Among the lines below, restate word for word only those from the line with "牧志駅より徒歩15分、国際通" through the line with "Localizada no condomínio", with both end lines kept.

# Provided records:
BEGIN

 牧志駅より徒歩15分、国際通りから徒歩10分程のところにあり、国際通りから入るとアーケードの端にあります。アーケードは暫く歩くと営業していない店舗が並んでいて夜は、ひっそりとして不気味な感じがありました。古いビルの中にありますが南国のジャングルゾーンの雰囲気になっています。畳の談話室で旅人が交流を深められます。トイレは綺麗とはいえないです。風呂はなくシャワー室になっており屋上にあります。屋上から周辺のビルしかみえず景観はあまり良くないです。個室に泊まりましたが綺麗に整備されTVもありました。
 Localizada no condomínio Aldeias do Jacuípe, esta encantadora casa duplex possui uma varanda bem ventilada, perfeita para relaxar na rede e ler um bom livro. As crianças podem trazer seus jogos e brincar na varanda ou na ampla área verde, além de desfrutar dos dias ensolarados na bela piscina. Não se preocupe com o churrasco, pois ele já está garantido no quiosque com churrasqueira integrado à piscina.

END
BEGIN

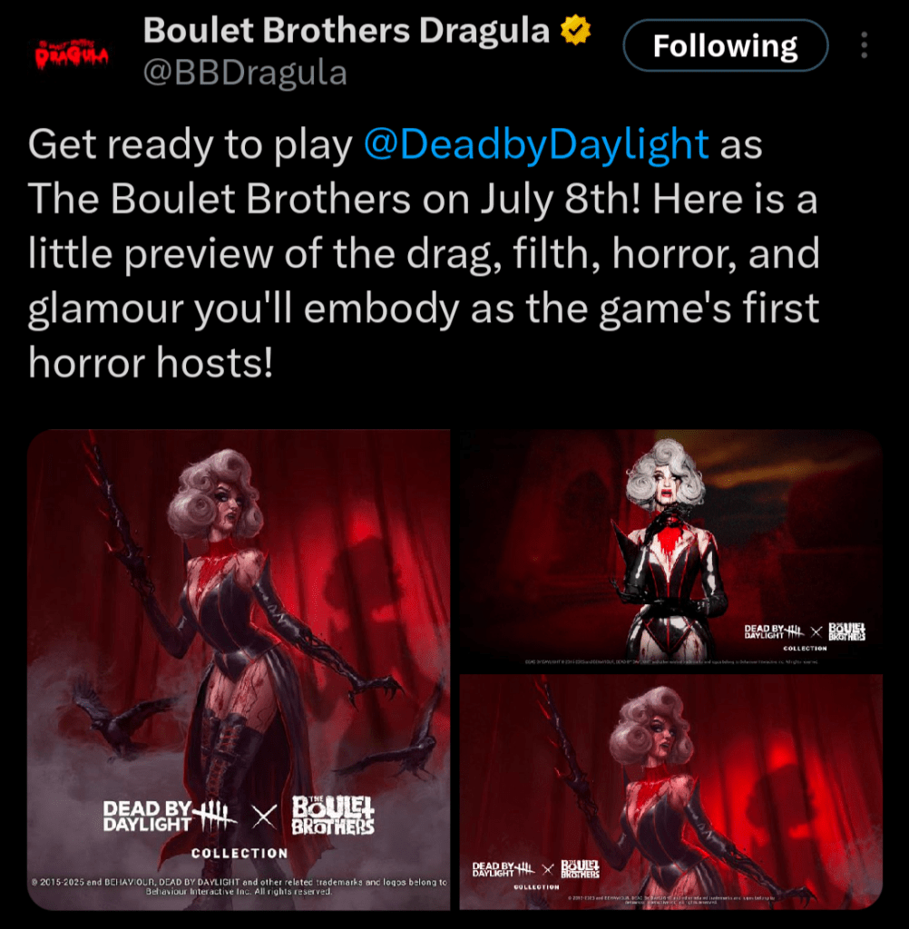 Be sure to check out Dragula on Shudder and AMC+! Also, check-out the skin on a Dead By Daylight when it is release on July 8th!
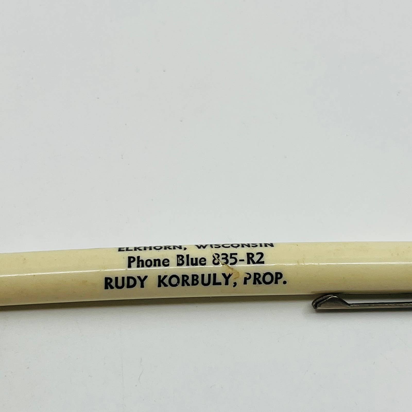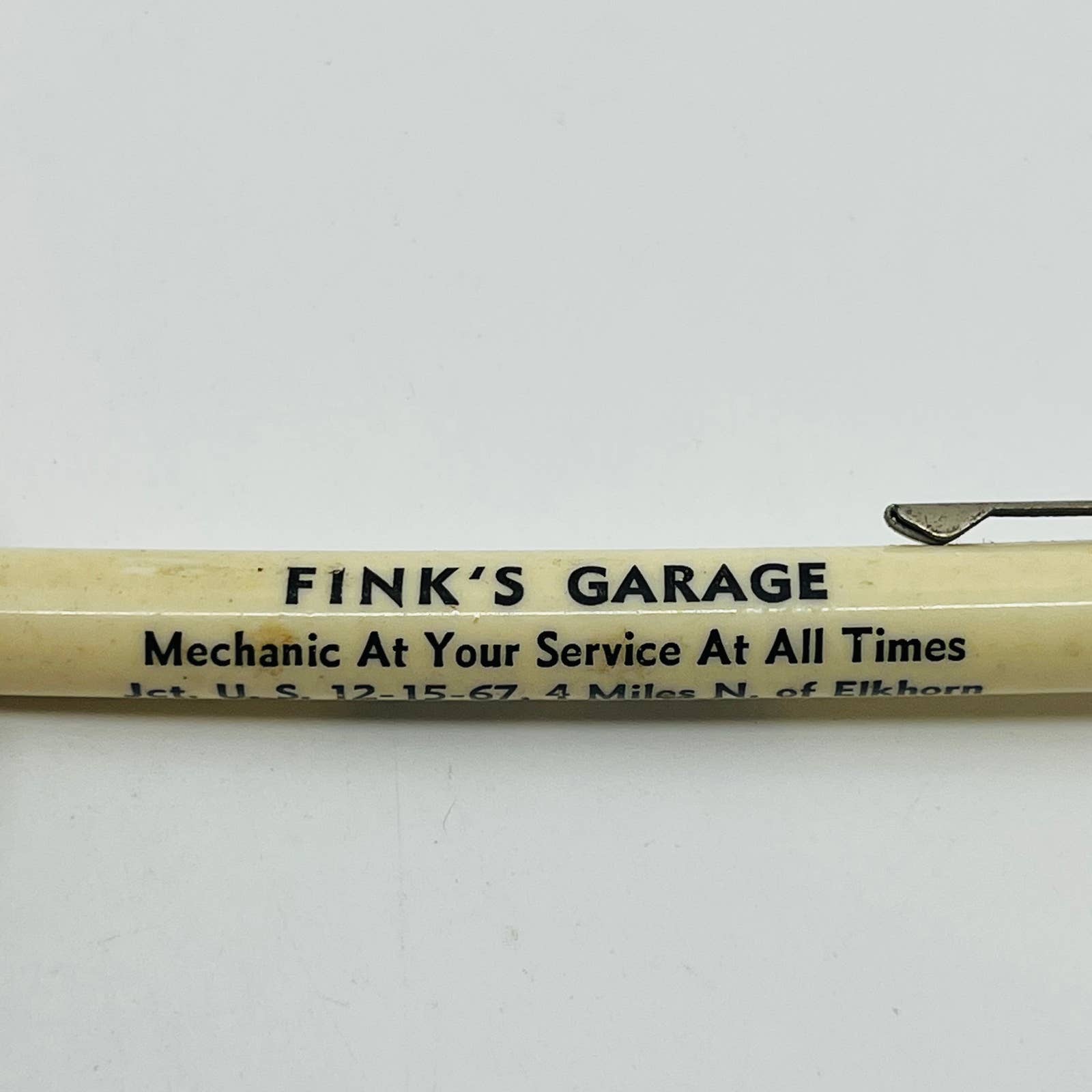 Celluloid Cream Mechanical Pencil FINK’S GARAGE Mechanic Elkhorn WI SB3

END

# Solution for this exercise:
 牧志駅より徒歩15分、国際通りから徒歩10分程のところにあり、国際通りから入るとアーケードの端にあります。アーケードは暫く歩くと営業していない店舗が並んでいて夜は、ひっそりとして不気味な感じがありました。古いビルの中にありますが南国のジャングルゾーンの雰囲気になっています。畳の談話室で旅人が交流を深められます。トイレは綺麗とはいえないです。風呂はなくシャワー室になっており屋上にあります。屋上から周辺のビルしかみえず景観はあまり良くないです。個室に泊まりましたが綺麗に整備されTVもありました。
 Localizada no condomínio Aldeias do Jacuípe, esta encantadora casa duplex possui uma varanda bem ventilada, perfeita para relaxar na rede e ler um bom livro. As crianças podem trazer seus jogos e brincar na varanda ou na ampla área verde, além de desfrutar dos dias ensolarados na bela piscina. Não se preocupe com o churrasco, pois ele já está garantido no quiosque com churrasqueira integrado à piscina.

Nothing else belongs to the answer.